Data section section start

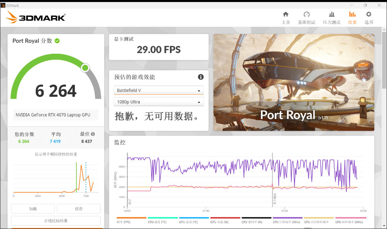 ▼Port Royal分數6264分,預估光追性能29FPS。
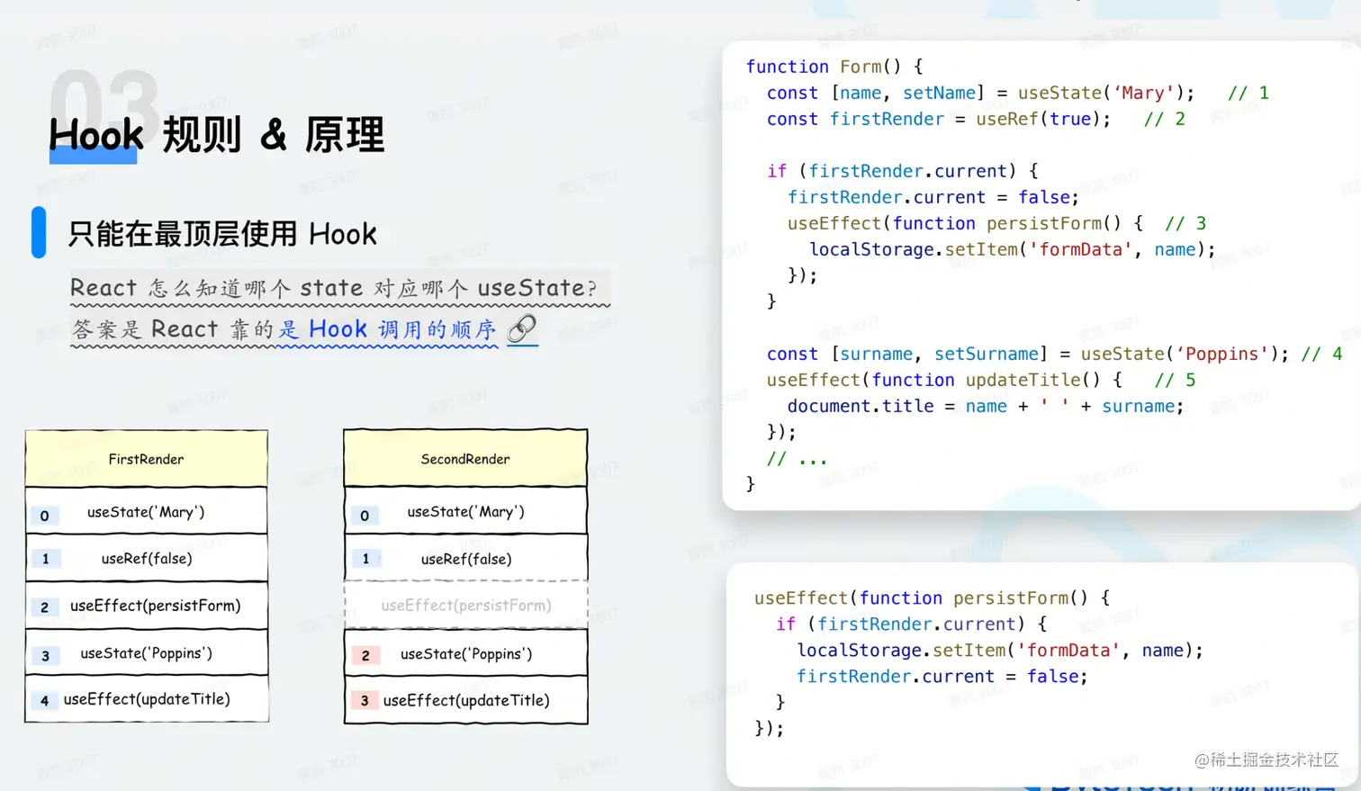 如果你遵循这个原则,那么 Hooks 最终将始终以相同的顺序被调用。
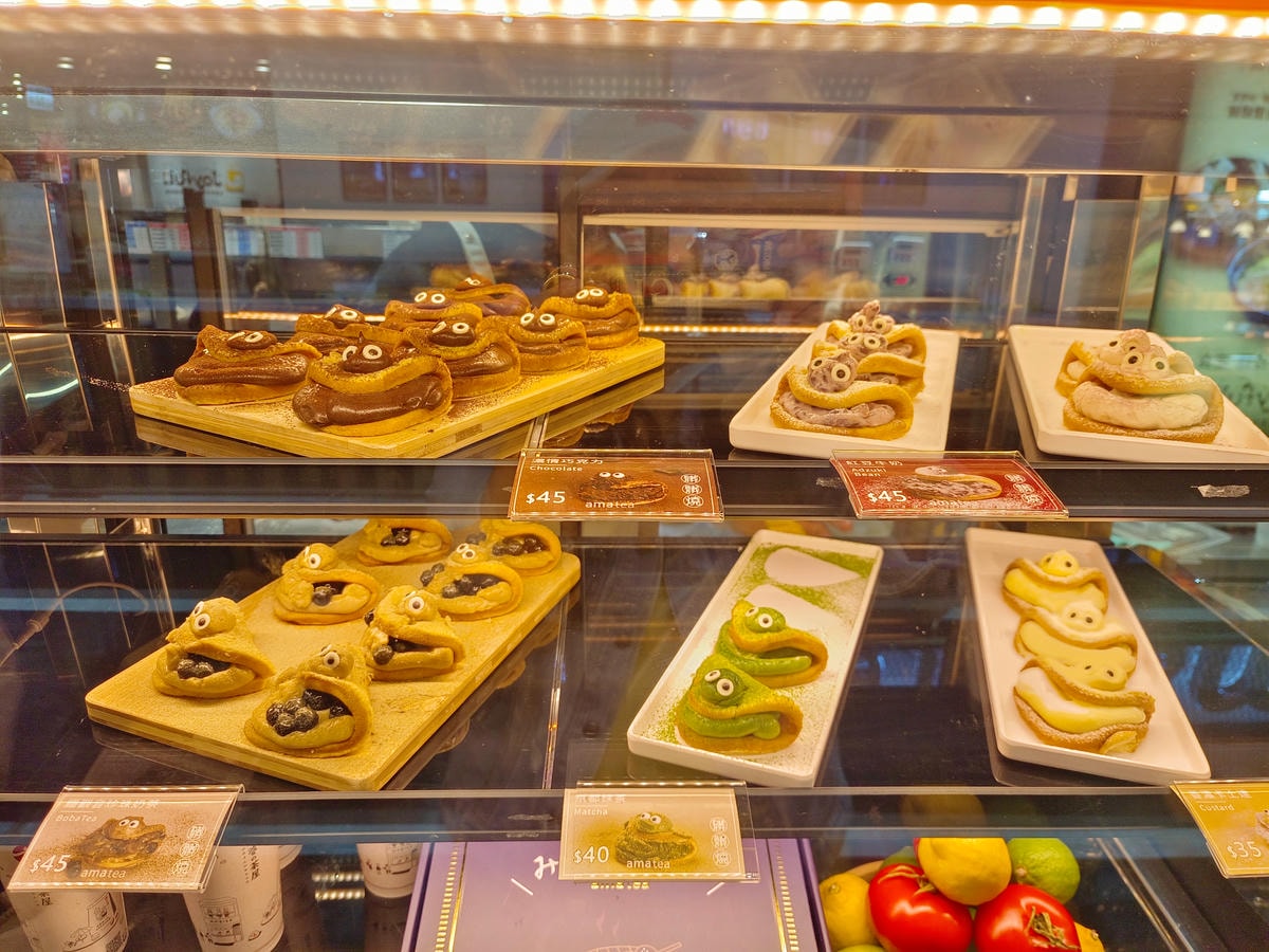 窗裡陳列琳瑯滿目的點心 , 馬上被近期新登場的「髒髒燒& 髒髒糰子」給吸引住 , 浮誇系爆漿秒殺甜點控手機/相機記憶體 , 髒髒燒本人可愛到炸爆 , 不買個一二個怎麼行啦 , 口味蠻多的!而且外帶兩個以上會用精緻盒子裝

Data section section end

Try it: Copy out, unchanged, the span of lines beginning with the one that includes "如果你遵循这个原则,那么 Hooks 最终将始终以相同的顺序被调用。" and running through the final line of the material above. Leave the pictures out.

Finished exercise:
 如果你遵循这个原则,那么 Hooks 最终将始终以相同的顺序被调用。
 窗裡陳列琳瑯滿目的點心 , 馬上被近期新登場的「髒髒燒& 髒髒糰子」給吸引住 , 浮誇系爆漿秒殺甜點控手機/相機記憶體 , 髒髒燒本人可愛到炸爆 , 不買個一二個怎麼行啦 , 口味蠻多的!而且外帶兩個以上會用精緻盒子裝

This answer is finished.